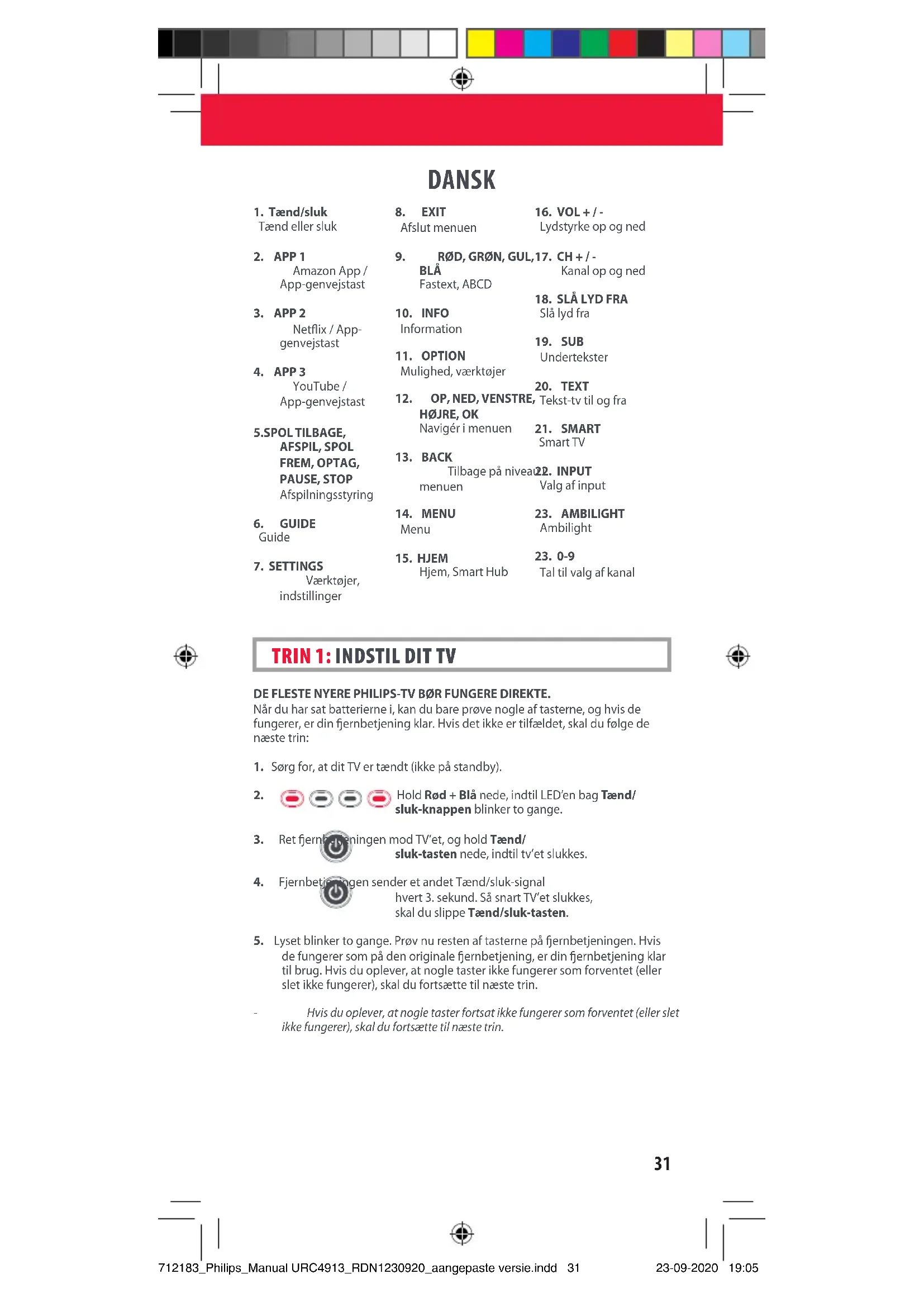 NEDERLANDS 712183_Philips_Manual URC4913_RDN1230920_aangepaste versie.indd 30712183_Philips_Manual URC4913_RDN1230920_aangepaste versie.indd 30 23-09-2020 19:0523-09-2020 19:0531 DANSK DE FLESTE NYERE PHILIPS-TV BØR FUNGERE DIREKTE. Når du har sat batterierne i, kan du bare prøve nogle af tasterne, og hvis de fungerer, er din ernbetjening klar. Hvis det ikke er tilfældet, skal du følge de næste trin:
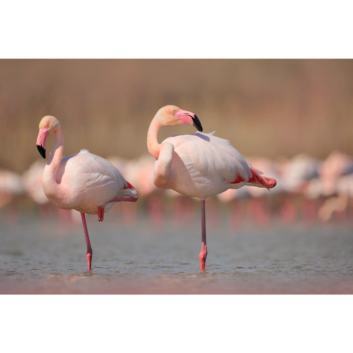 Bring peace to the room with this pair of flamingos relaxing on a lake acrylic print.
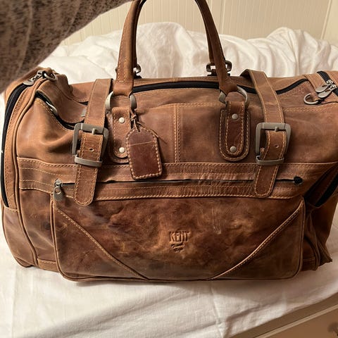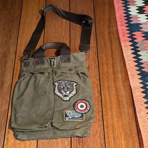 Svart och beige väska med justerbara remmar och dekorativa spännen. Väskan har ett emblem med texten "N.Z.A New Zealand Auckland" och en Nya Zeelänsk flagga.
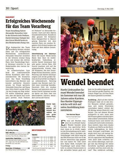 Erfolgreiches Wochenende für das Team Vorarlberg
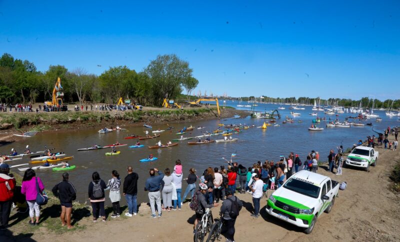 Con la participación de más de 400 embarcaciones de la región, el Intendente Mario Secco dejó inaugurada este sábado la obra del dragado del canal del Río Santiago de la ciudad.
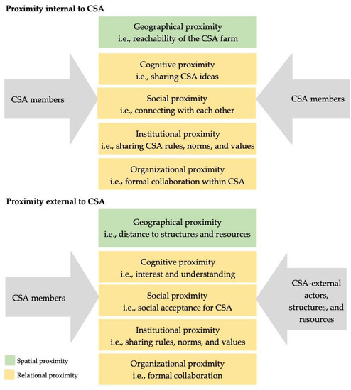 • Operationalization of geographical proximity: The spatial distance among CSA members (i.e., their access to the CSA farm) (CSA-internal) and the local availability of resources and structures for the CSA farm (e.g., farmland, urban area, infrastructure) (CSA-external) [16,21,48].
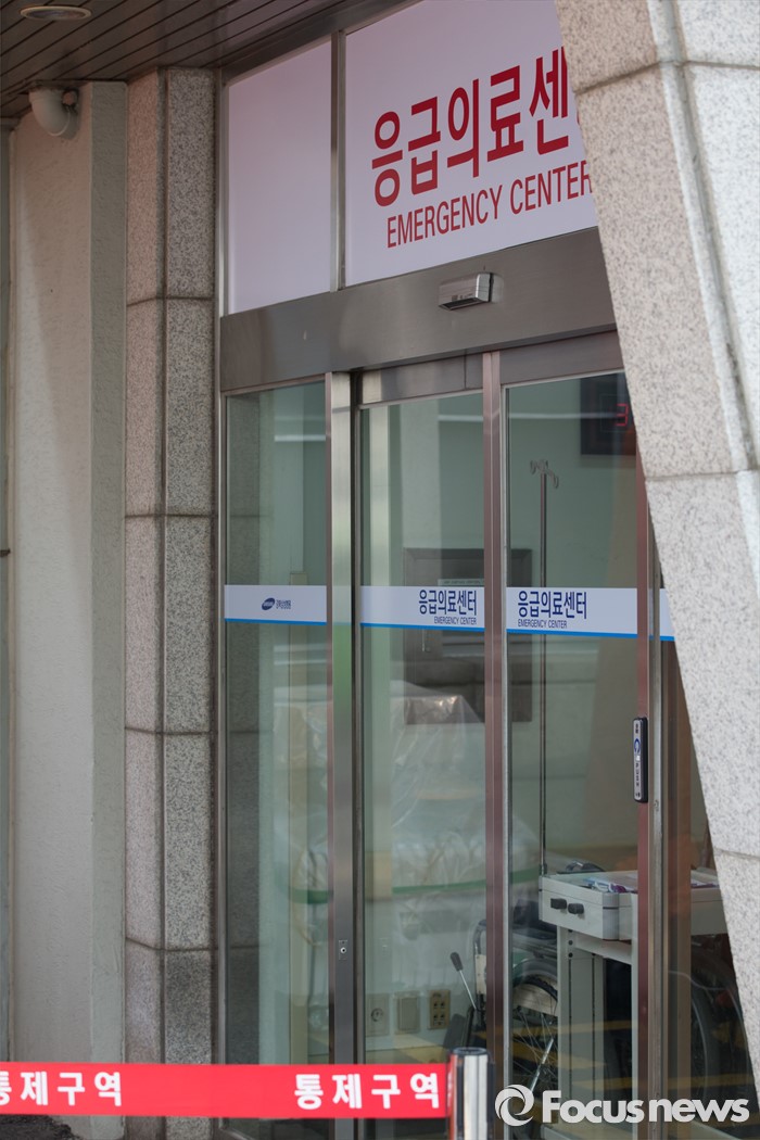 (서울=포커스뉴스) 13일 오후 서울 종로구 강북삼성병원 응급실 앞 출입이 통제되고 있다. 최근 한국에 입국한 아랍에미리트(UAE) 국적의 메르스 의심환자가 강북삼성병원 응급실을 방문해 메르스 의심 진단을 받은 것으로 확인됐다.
- - - - - - -
Your goal: Give again exactly the lines from the one holding "Con la participación" to the final line of the records, both ends included; any pictures stay out.

Your response:
 Con la participación de más de 400 embarcaciones de la región, el Intendente Mario Secco dejó inaugurada este sábado la obra del dragado del canal del Río Santiago de la ciudad.
 • Operationalization of geographical proximity: The spatial distance among CSA members (i.e., their access to the CSA farm) (CSA-internal) and the local availability of resources and structures for the CSA farm (e.g., farmland, urban area, infrastructure) (CSA-external) [16,21,48].
 (서울=포커스뉴스) 13일 오후 서울 종로구 강북삼성병원 응급실 앞 출입이 통제되고 있다. 최근 한국에 입국한 아랍에미리트(UAE) 국적의 메르스 의심환자가 강북삼성병원 응급실을 방문해 메르스 의심 진단을 받은 것으로 확인됐다.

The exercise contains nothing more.